Ten years ago, almost to the day, The Sunday Post-Journal on the first Sunday in May featured three stories on the state Commission on Local Government Efficiency and Competitiveness.

There was hope then that the report would be a roadmap that moved New York’s system of government from the age of the horse and buggy into something more modern and efficient. The commission’s report hasn’t been the game-changer we had hoped it would be, though that isn’t the fault of the commission or its chairperson, former Jamestown Mayor Stan Lundine. We stated 10 years ago, right here in this very space, that opposition had already begun to form against some of the more noteworthy recommendations. That opposition has kept the status quo in place, with the exception of some mergers of towns and villages.

Our maze of governments is based in the 1800s. Our problems are modern. Let us give credit, then, to local governments who have shown themselves capable of working together on the nuts and bolts of government — sharing equipment, mutual aid for first responders, helping each other with landfill credits to facilitate large-scale cleanups of buildings destroyed by fires. Jamestown and Ellicott police officers work well together on the Metro Drug Task Force. Celoron and the Jamestown Board of Public Utilities came together last year to find a way to secure water service to Celoron homes that didn’t have usable water. These type of shared services and more happen behind the scenes on a regular basis. We’re glad to see them being handled.

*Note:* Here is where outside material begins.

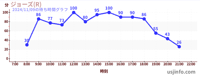 • ジョーズ(R)$B$N(B2024年11月09日の待ち時間

At the same time, our elected officials find themselves less capable of working together on big issues.

An agreement between the Jamestown Police Department and the Chautauqua County Sheriff’s Department has been talked about for more than 10 years, but one wonders if it would have made more sense to include the Lakewood-Busti police in the mix as well to create a true metro police force in the south county. Jamestown angered its neighbors in Falconer and Ellicott by trying to annex BPU-owned property. A water service agreement between Ellicott and the BPU has stalled, hopefully temporarily, after Ellicott officials thought the deal was done. What’s worse, we aren’t collectively discussing the real issues each of these municipalities faces — escalating costs, a harsh business climate for manufacturing and big-box stores that drive taxable assessment,

These disagreements are counterproductive and need to come to an end. We think the way to end these disagreements is to embrace our shared past. There was a time, not long ago, when members of the Jamestown, Falconer, Celoron, Ellicott, Lakewood and Busti governments met on a regular basis to work on regional issues through the Metro 6 group. Some of Metro 6’s discussions didn’t go anywhere. Others are here, just not in the form in which they were originally discussed. It doesn’t matter, frankly, that the meetings didn’t change the world. It matters that officials from those six governments who depend so much on each other were talking regularly. It matters that hard feelings didn’t have time to fester over months or years. It matters that six bright people were in a room where ideas could be shared.

It’s time for Metro 6 to be revived. It’s time for the mayors of Jamestown, Falconer, Lakewood and Celoron and the town supervisors of Ellicott and Busti to be in the same room again. It’s time for open communication. It’s time for ideas that benefit the south county. Most importantly, it’s time to bury the hatchet.